Foreign Tax Credit Relief
A separate but similar ‘nudge’ letter is also being targeted at taxpayers who HMRC believes have incorrectly calculated their Foreign Tax Credit Relief (FTCR).
FTCR is available to those people who have already paid tax on their foreign income. The relief is claimed when they report their overseas income in their UK tax return. How much relief is awarded depends on the UK’s ‘double-taxation agreement’ with the country the individual’s income derives from.
Individuals usually still get relief even if there is not an agreement, unless the foreign tax does not correspond to UK Income Tax or Capital Gains Tax.
The FTCR also normally gives taxpayers the opportunity to check and amend their tax affairs without a formal enquiry being undertaken. HMRC usually charge interest on any underpaid taxes, but don’t typically charge penalties.
HMRC will be offering taxpayers the chance to review and amend their 2019/20 tax return. Providing this is done prior to the 31 January 2022, then individuals are within the amendment window and only interest would be payable on the unpaid tax. If the amendment is filed after 31 January 2022 penalties may be issued.

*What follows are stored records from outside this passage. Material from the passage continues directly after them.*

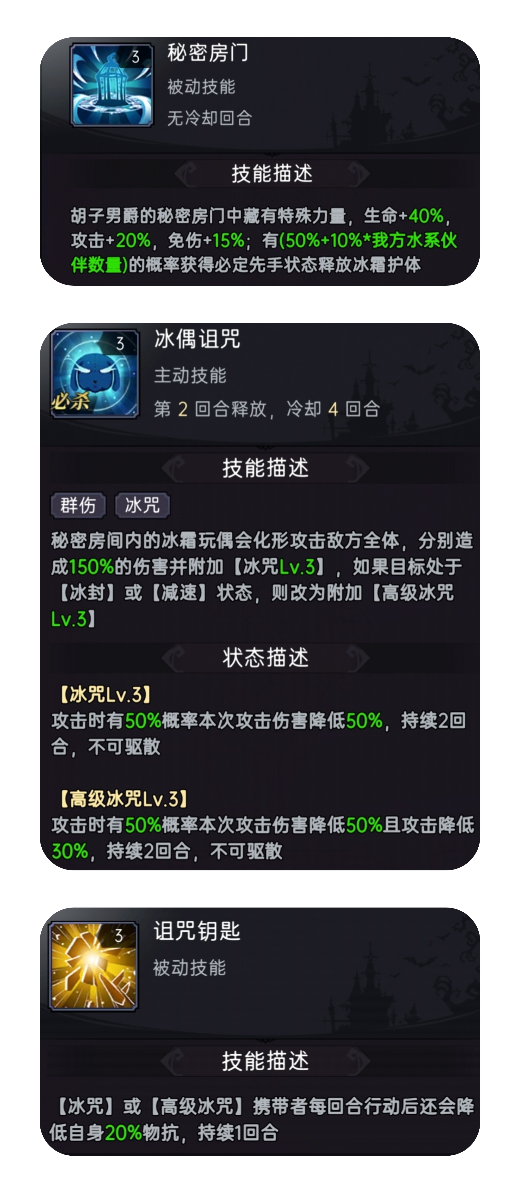 三水阵容至少有90%概率必定先手释放大招,减伤也能有效在一定程度上克制绝大多数的爆发阵容,提高己方阵容的整体生存,同时【冰咒】、【高级冰咒】也更贴合搭配战士阵容。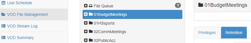 Instructions to set up or adjust video file retention settings on your VieBit VOD service.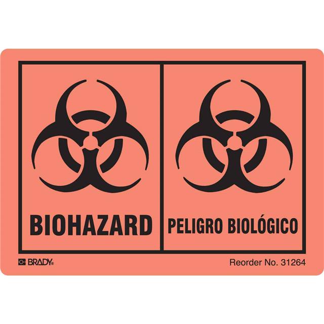 This is manufactured by Brady Corporation. The manufacturer part number is 31264LS. Applications Information- safety: hazard. It is assigned with possible HTSUS value of 4821.10.4000. The product is rohs3 compliant. The symbol only legend includes - bio hazard. Arrangement configuration includes - symbol and text. Furthermore, the product is 3.500" (88.90mm) wide. Location Information - indoor. The background colour is orange. It is a rectangle product with unique specifications. The product is widely employed in facility. In addition, it is reach unaffected. It is pre-printed. Language include - english/spanish. It is shipped in bulk package . Its typical moisture sensitivity level is not applicable. Its accurate length is 5.000" (127.00mm). While text on legend is - biohazard / peligro biolagico. It has a long 4 weeks standard lead time. The product is available in adhesive configuration. The product's body is manufactured from highly durable paper materials. The product brady®, is a highly preferred choice for users. The legend is black. The product is designated with the ear99 code number.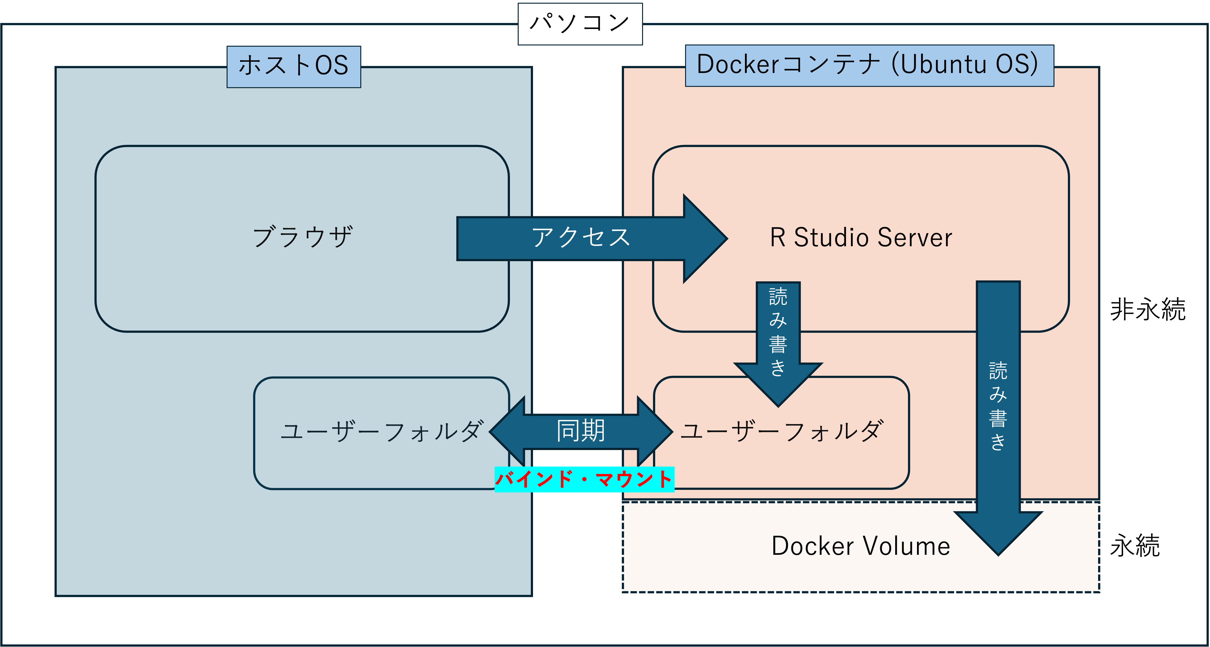 ホスト側のフォルダをマウントする方法をバインド・マウントといい,ホスト側のフォルダとコンテナ側のフォルダが同期されるので,コンテナから直接ホスト側のフォルダにアクセスしているのと同じ操作感になる。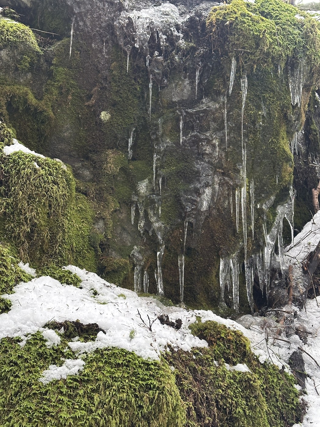 Took a very leisurely stroll to enjoy the icicles, snowy mountaintops and a brief clear view at the balcony. 3h total.
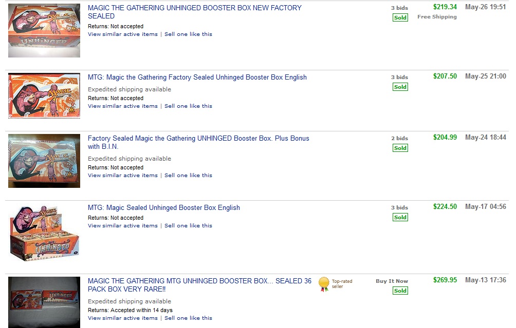 Lastly, we could try to brainstorm other Magic products which are highly collectible, rare, and should maintain value even should the game of Magic lose popularity. Many of you already know I have a sizable investment in sealed Magic Booster Boxes. I feel these should not drop in value because they will assuredly decrease in supply while a sufficient casual market will maintain a sizable demand. There is no need for a Star City Games tournament circuit for a sealed Unhigned Booster Box to grow in value.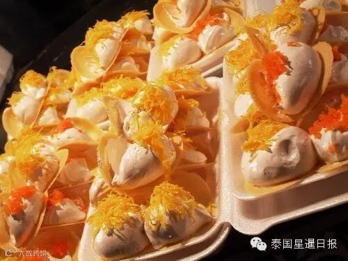 椰奶小脆饼通常有咸甜两种口味,黄色的是甜味,红色的是咸味,烤的酥脆的饼皮与馅内香甜滑口的奶霜形成绝配,讲究些的还可以自行添加内馅喔,比如虾米干或是葡萄干都是很受泰国人欢迎的口味。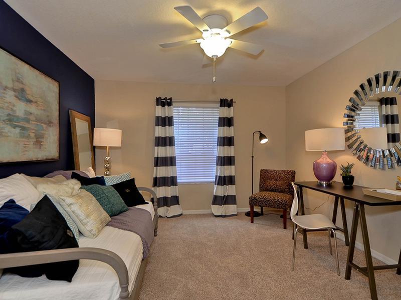 Apartment features can include high ceilings with fans, large windows with views, hardwood or carpet flooring, private patio or balcony, central air and heat, cable or satellite TV, high speed internet, walk-in closets, laundry facilities, a full bathroom and a fully equipped kitchen with black appliances.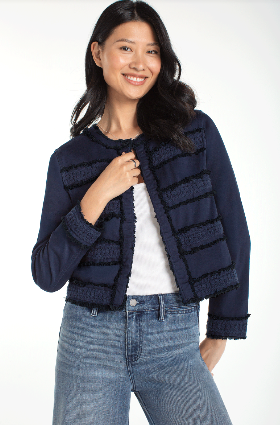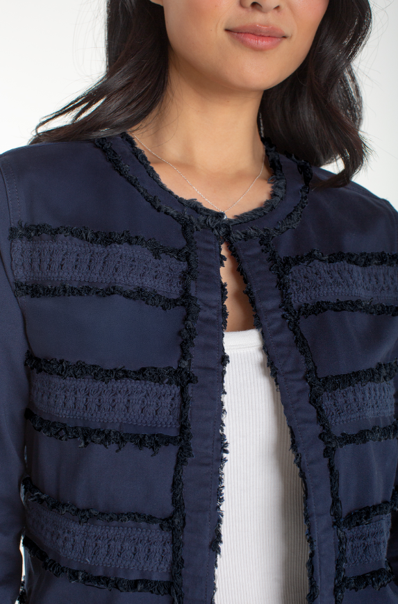 This chic navy jacket blends classic tailoring with modern texture. Designed with subtle hook-and-eye closures, it features tonal horizontal stripe detailing made of embroidered crochet trim and soft frayed edges for a touch of dimension. The round neckline and cropped silhouette create a refined, feminine shape that layers effortlessly over blouses, tees, or dresses. Perfect for polished days or elevated evenings, this piece pairs beautifully with its matching trouser for a sophisticated ensemble or denim for a casual-chic look.

The letters, which are reportedly being sent during November 2021 to individuals, focus specifically on foreign investment income in 2019/20 where HMRC believes FTCR has been claimed at the wrong rate.
Again the focus is to encourage the recipient to re-check their tax liability. In particular, to review the double tax treaty between the UK and the country of their investment’s income.
The letter then gives guidance on what to do to make necessary corrections to their UK tax return. For an example of the letter, see this coverage by the Chartered Institute of Taxation.
Can we help?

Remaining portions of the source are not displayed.